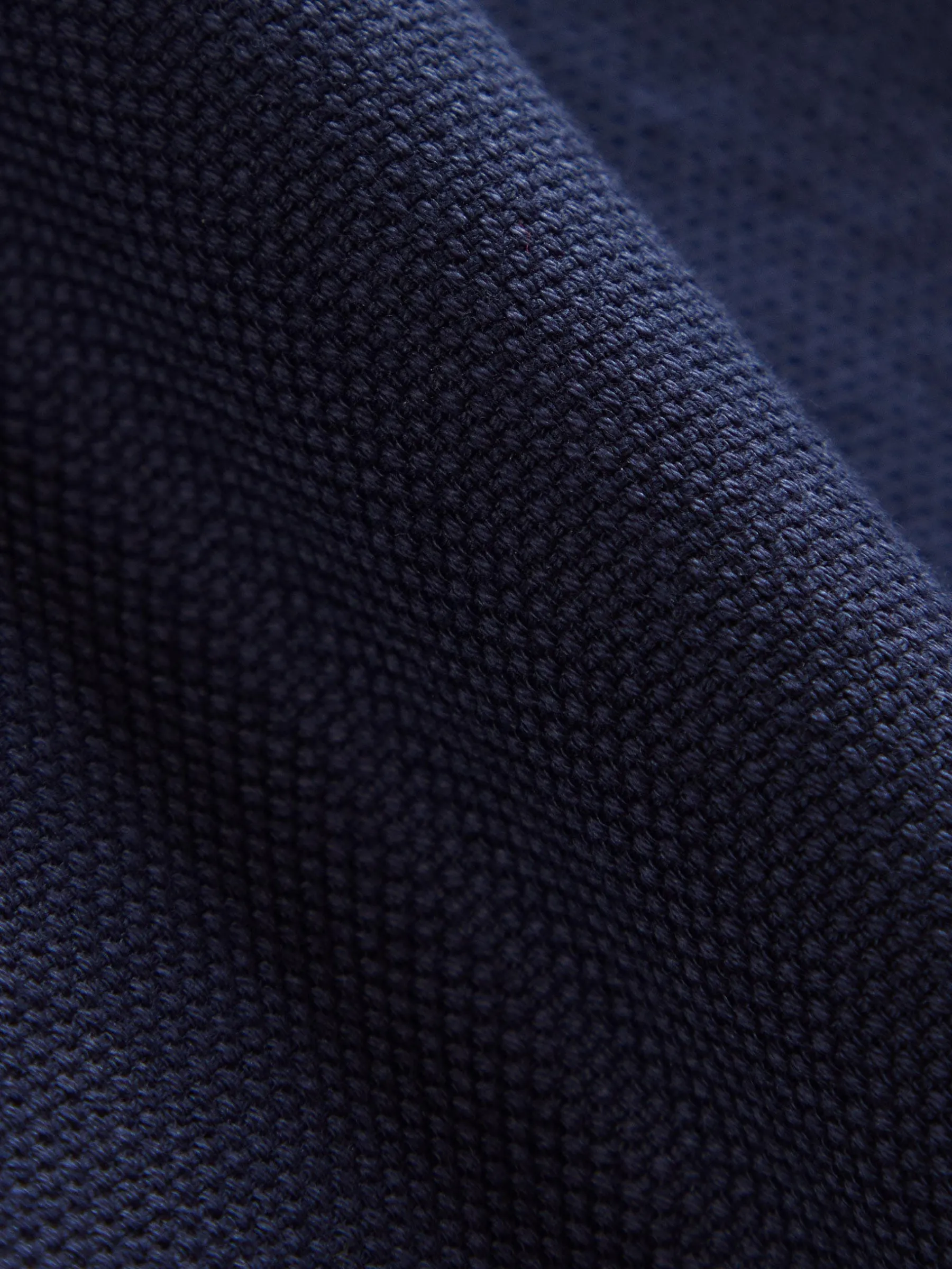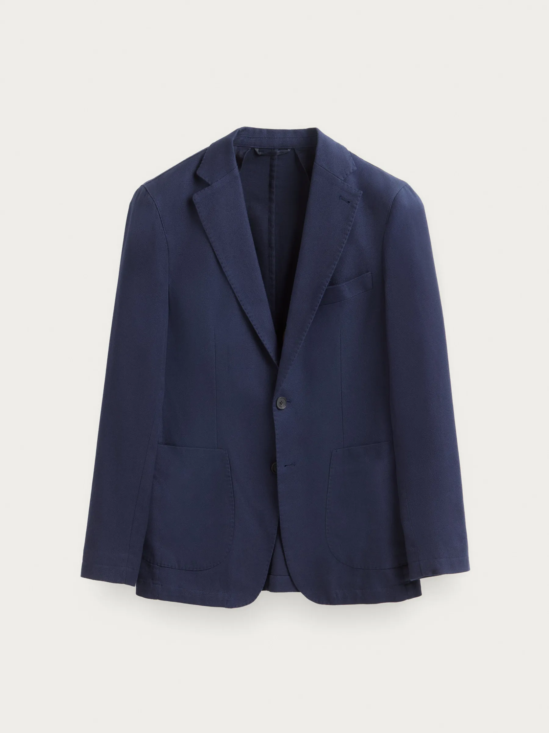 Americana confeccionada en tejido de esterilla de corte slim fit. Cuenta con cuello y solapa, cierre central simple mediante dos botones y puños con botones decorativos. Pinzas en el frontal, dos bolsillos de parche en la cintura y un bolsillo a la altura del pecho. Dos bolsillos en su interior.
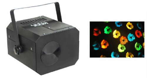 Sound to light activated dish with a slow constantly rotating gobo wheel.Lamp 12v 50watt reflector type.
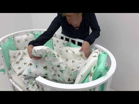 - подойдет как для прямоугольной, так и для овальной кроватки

────────────────

-- Task prompt --
Reproduce the preceding material exactly, skipping pictures.

-- Written answer --
 Americana confeccionada en tejido de esterilla de corte slim fit. Cuenta con cuello y solapa, cierre central simple mediante dos botones y puños con botones decorativos. Pinzas en el frontal, dos bolsillos de parche en la cintura y un bolsillo a la altura del pecho. Dos bolsillos en su interior.
 Sound to light activated dish with a slow constantly rotating gobo wheel.Lamp 12v 50watt reflector type.
 - подойдет как для прямоугольной, так и для овальной кроватки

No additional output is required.